3.3.1.2.2 基類 BaseProcess
BaseProcess 基類如下,注意這裡 run 就是子程式的 loop, _target 就是 子程式的 執行程式碼。
_target = {Worker} <celery.concurrency.asynpool.Worker object at 0x7f9ad358b240>
定義如下:
class BaseProcess(object):
'''
Process objects represent activity that is run in a separate process
The class is analagous to `threading.Thread`
'''
def __init__(self, group=None, target=None, name=None,
args=(), kwargs={}, daemon=None, **_kw):
count = next(_process_counter)
self._identity = _current_process._identity + (count, )
self._config = _current_process._config.copy()
self._parent_pid = os.getpid()
self._popen = None
self._target = target
self._args = tuple(args)
self._kwargs = dict(kwargs)
self._name = (
name or type(self).__name__ + '-' +
':'.join(str(i) for i in self._identity)
)
if daemon is not None:
self.daemon = daemon
if _dangling is not None:
_dangling.add(self)
self._controlled_termination = False
def run(self):
'''
Method to be run in sub-process; can be overridden in sub-class
'''
if self._target:
self._target(*self._args, **self._kwargs)
基類處理完,於是得到 ForkProcess
self = {ForkProcess} <ForkProcess(ForkProcess-1, initial)>
authkey = {AuthenticationString: 32} b''
daemon = {bool} False
exitcode = {NoneType} None
ident = {NoneType} None
name = {str} 'ForkProcess-1'
pid = {NoneType} None
_args = {tuple: 0} ()
_authkey = {AuthenticationString: 32}
_children = {set: 0} set()
_config = {dict: 2} {'authkey': b'', 'semprefix': '/mp'}
_counter = {count} count(2)
_daemonic = {bool} False
_identity = {tuple: 1} 1
_kwargs = {dict: 0} {}
_name = {str} 'ForkProcess-1'
_parent_pid = {int} 14747
_popen = {NoneType} None
_start_method = {str} 'fork'
_target = {Worker} <celery.concurrency.asynpool.Worker object at 0x7f9ad358b240>
_tempdir = {NoneType} None
3.3.1.2.3 加入程式列表
生成子程式之後,self._pool.append(w) 的作用就是把子程式 加入 父程式之中 的 子程式列表。並且配置 queues。
def _create_worker_process(self, i):
sentinel = self._ctx.Event() if self.allow_restart else None
inq, outq, synq = self.get_process_queues()
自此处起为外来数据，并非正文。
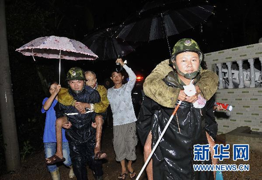 10月16日,海南省萬寧市萬城鎮(zhèn)民兵預備役官兵正在轉(zhuǎn)移萬城鎮(zhèn)仁里村村民。 15日以來,海南又迎來新一輪強降雨,多個市縣再次出現(xiàn)城市內(nèi)澇、村莊群眾被困等災情。海南省萬寧市政府所在地萬城鎮(zhèn)約有1.57萬名群眾受困,目前已緊急轉(zhuǎn)移2600余人。新華社記者 郭程 攝
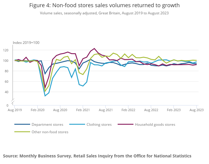 Non-food stores sales volumes grew by 0.6% in August 2023, following a fall of 1.2% in July 2023 when poor weather reduced footfall.
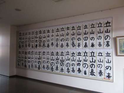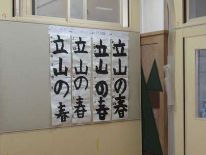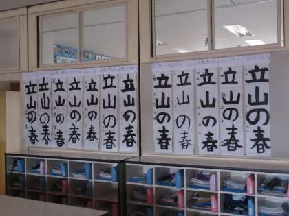 4年生 書初作品「立山の春」 公開日 2020/12/12 更新日 2020/12/12 4年生 教室前廊下等に書初作品を展示しました。 作品を見た子供は、 「3年生の時より、みんなうまくなっているな」 「あの時の字、『思いやり』は、ひらがなが多くて大変だった」 と感想を話していました。来週も、練習を行います。 保護者の皆様も、15日(火)からの個別懇談会の折、子供たちの作品をご覧ください。
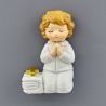 Scopri l'icona prima comunione con albero della vita in legno e resina, un dono speciale che celebra il sacramento della comunione. Questa bomboniera economica presenta una doppia base in legno, con la parte posteriore grigia e, sulla parte superiore a destra, un'icona in resina bianca che raffigura un bambino in preghiera circondato da simboli della...
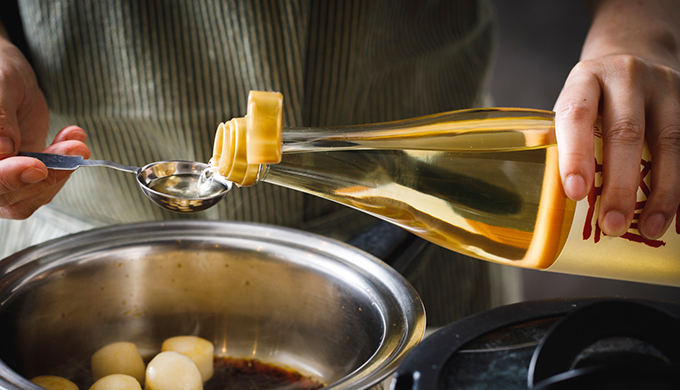 本みりんに含まれるアルコールが素早く食材にしみ込みます。また、原料であるもち米に含まれるアミノ酸、有機酸、糖類などの味が食材に行き渡り、深いコクと旨みが生まれます。
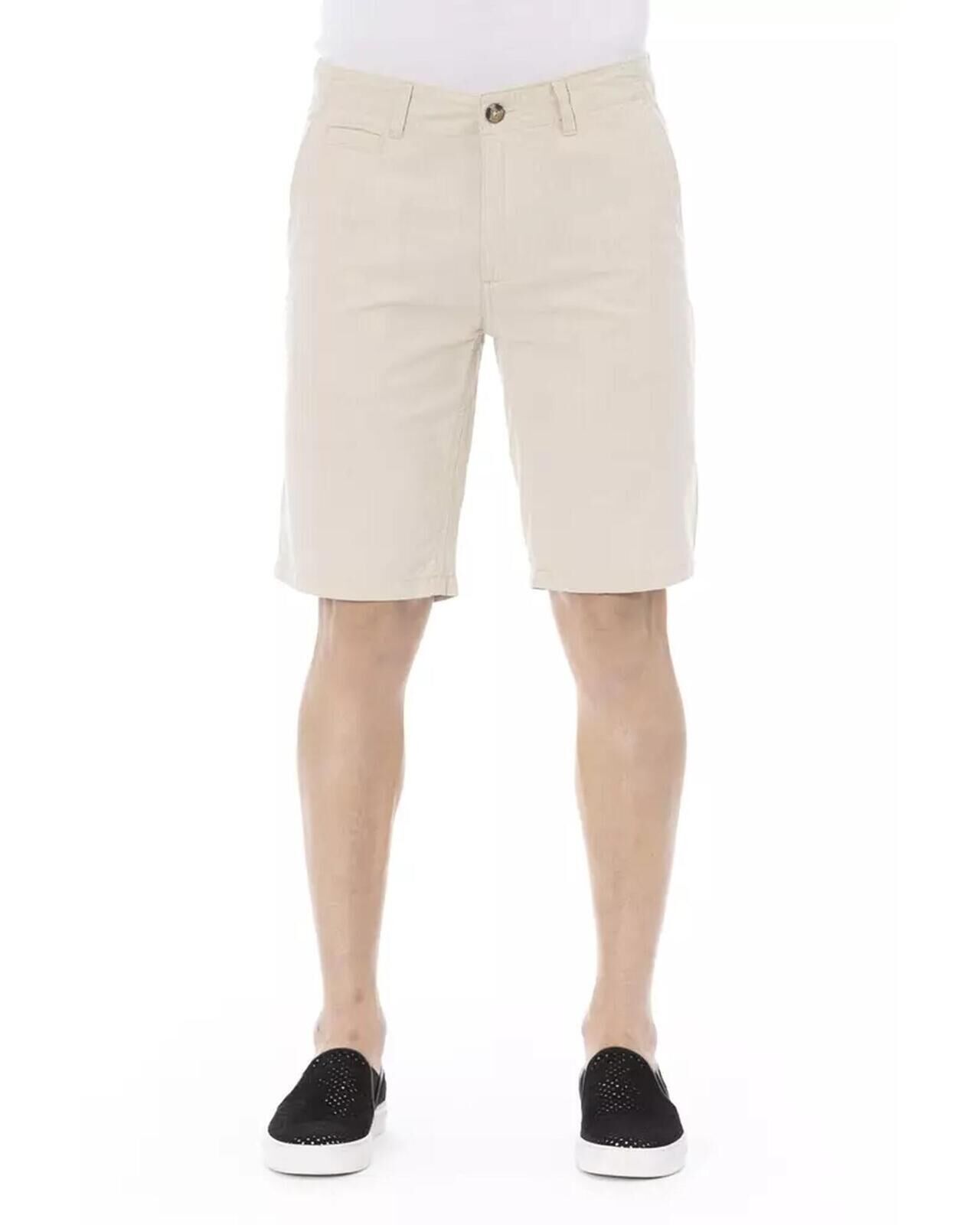 Solid Color Bermuda Shorts with Front Zipper and Button Closure. Men
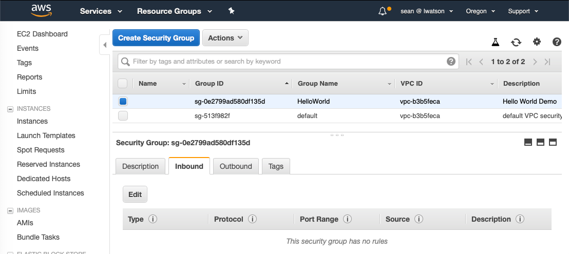 sean@vubuntu:~$ aws ec2 create-security-group --group-name HelloWorld --description "Hello World Demo" --vpc-id vpc-b3b5feca { "GroupId": "sg-0e2799ad580df135d" }
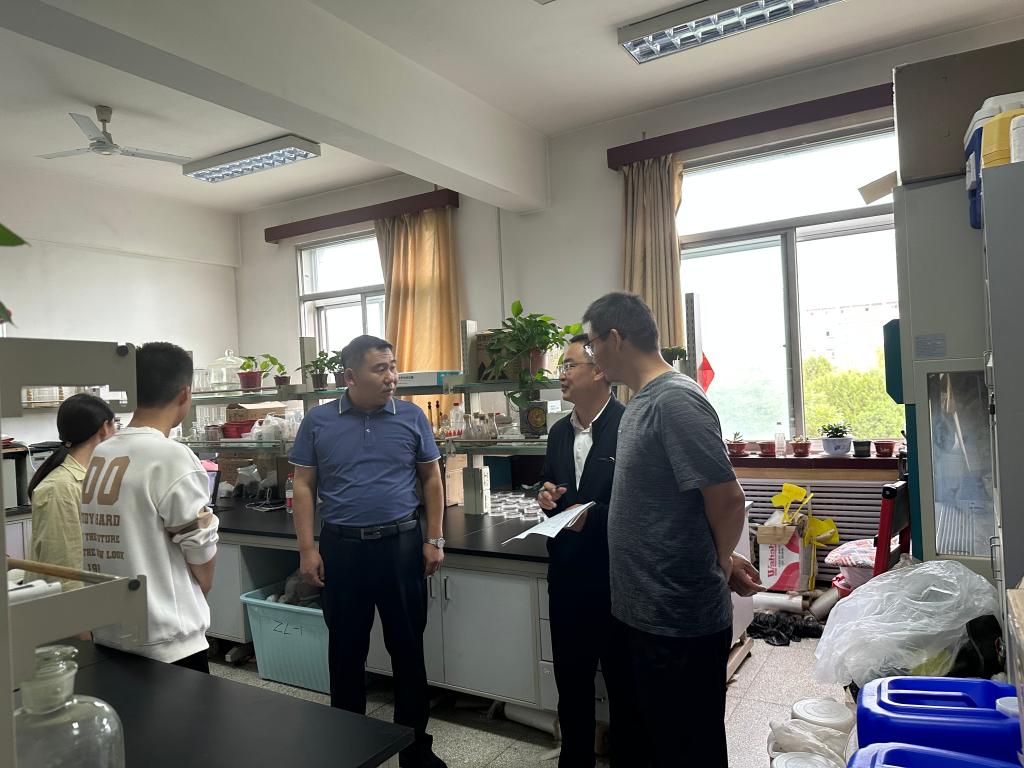 此次检查由党总支书记蔡建昌带队,围绕实验室安全责任体系、实验场所、安全设施、基础安全、化学安全、生物安全、特殊设备安全等方面,重点针对生物安全、危险化学品管理、安全责任书签订、危险废弃物处置等检查。检查组发现,各实验室均高度重视实验室安全管理工作,大部分实验室干净整洁、仪器设备摆放有序、药品试剂分类存放、消防设施齐备、教学实验使用记录详实,实验室管理总体良好。

on_ready_counter = self._ctx.Value('i')
w = self.WorkerProcess(self.Worker(
inq, outq, synq, self._initializer, self._initargs,
self._maxtasksperchild, sentinel, self._on_process_exit,
# Need to handle all signals if using the ipc semaphore,
# to make sure the semaphore is released.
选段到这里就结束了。